Why Sinkholes Must Be Treated as a Serious Urban Threat in Karachi
Mohammad Ehsan Leghari
A Warning from Shanghai’s Sudden Collapse
The recent sinkhole incident in Shanghai China, should be read not as an isolated accident but as a structural warning for rapidly urbanizing coastal cities across Asia. On 11–12 February 2026, a large sinkhole suddenly opened at the intersection of Qixin Road and Li’an Road in Shanghai’s Minhang District, close to an active metro construction site for the Jiamin Line. Within hours, a section of the roadway collapsed, adjacent infrastructure was undermined, and groundwater flooded the cavity, turning an ordinary urban junction into a hazardous void. While no casualties were reported, traffic paralysis and emergency stabilization works followed immediately, exposing how fragile even “engineered” urban ground can be under certain conditions (CNA, 2026; SCMP, 2026).
For cities such as Karachi, this episode is not a distant spectacle but a mirror. The geological processes that triggered Shanghai’s collapse, soft alluvial soils, groundwater disturbance, infrastructure leakage, and construction-induced stress are deeply familiar to Karachi. The difference lies not in geology, but in governance preparedness.

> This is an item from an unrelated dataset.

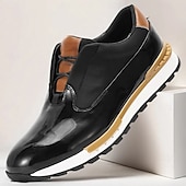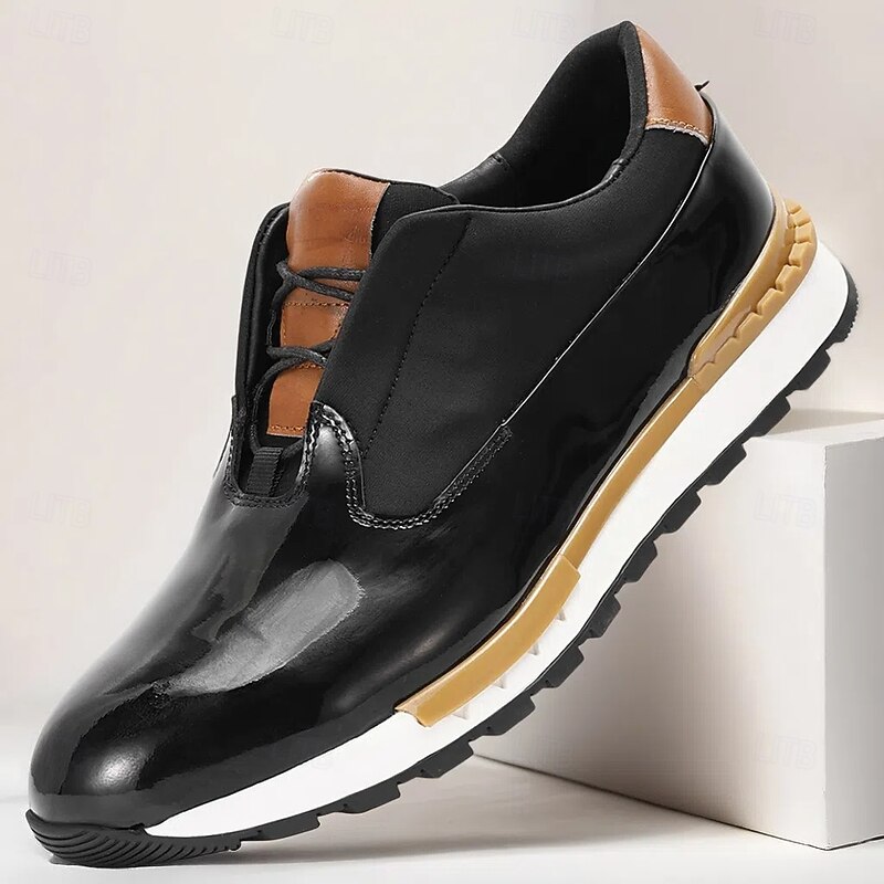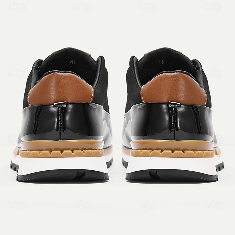 Why Choose Men's Black Leather Sneakers with Contrast Brown Detailing - Sleek, velvety, Perfect for Casual Wear and Semi-formal Events?

Ignoring these warning signs risks turning minor surface failures into life-threatening urban disasters.
Understanding Sinkholes: Science beneath the Collapse
Sinkholes are manifestations of subsurface failure, occurring when underground material loses its load-bearing capacity and the surface collapses abruptly or progressively. In urban contexts, two forms are particularly relevant. Dissolution sinkholes typically occur in karst landscapes where limestone dissolves over time, forming cavities. More relevant to deltaic megacities, however, are cover-collapse sinkholes, where erosion within unconsolidated soils creates underground voids that suddenly fail under surface load (USGS, 2023; BGS, 2022).
Deltaic cities such as Shanghai and Karachi (partly) are built on thick layers of unconsolidated silt, clay, and sand. These sediments are inherently weak and highly sensitive to water movement. When groundwater flows through them, whether due to natural fluctuation, pipe leakage, or excavation, it can wash away fine particles through a process known as internal erosion or piping, gradually hollowing the subsurface until collapse becomes inevitable (ICE, 2023; Phys.org, 2013).

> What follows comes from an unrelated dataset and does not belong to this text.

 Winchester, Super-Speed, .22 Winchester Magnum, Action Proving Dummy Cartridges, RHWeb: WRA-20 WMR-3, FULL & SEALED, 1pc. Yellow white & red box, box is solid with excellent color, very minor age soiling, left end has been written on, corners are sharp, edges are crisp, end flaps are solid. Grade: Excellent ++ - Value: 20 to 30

Human activity significantly accelerates this process. Deep excavations, tunnelling, and piling disturb stratified soil layers and can intersect pressurized aquifers. Aging water supply and sewerage systems leak persistently, saturating soil and removing structural support. Excessive groundwater extraction lowers the water table, causing soil compaction and regional subsidence, further destabilizing already fragile ground conditions (Penn State Extension, 2021; PreventionWeb, 2024). Climate stressors like intense rainfall, storm surges, and saline intrusion in coastal aquifers, compound these vulnerabilities.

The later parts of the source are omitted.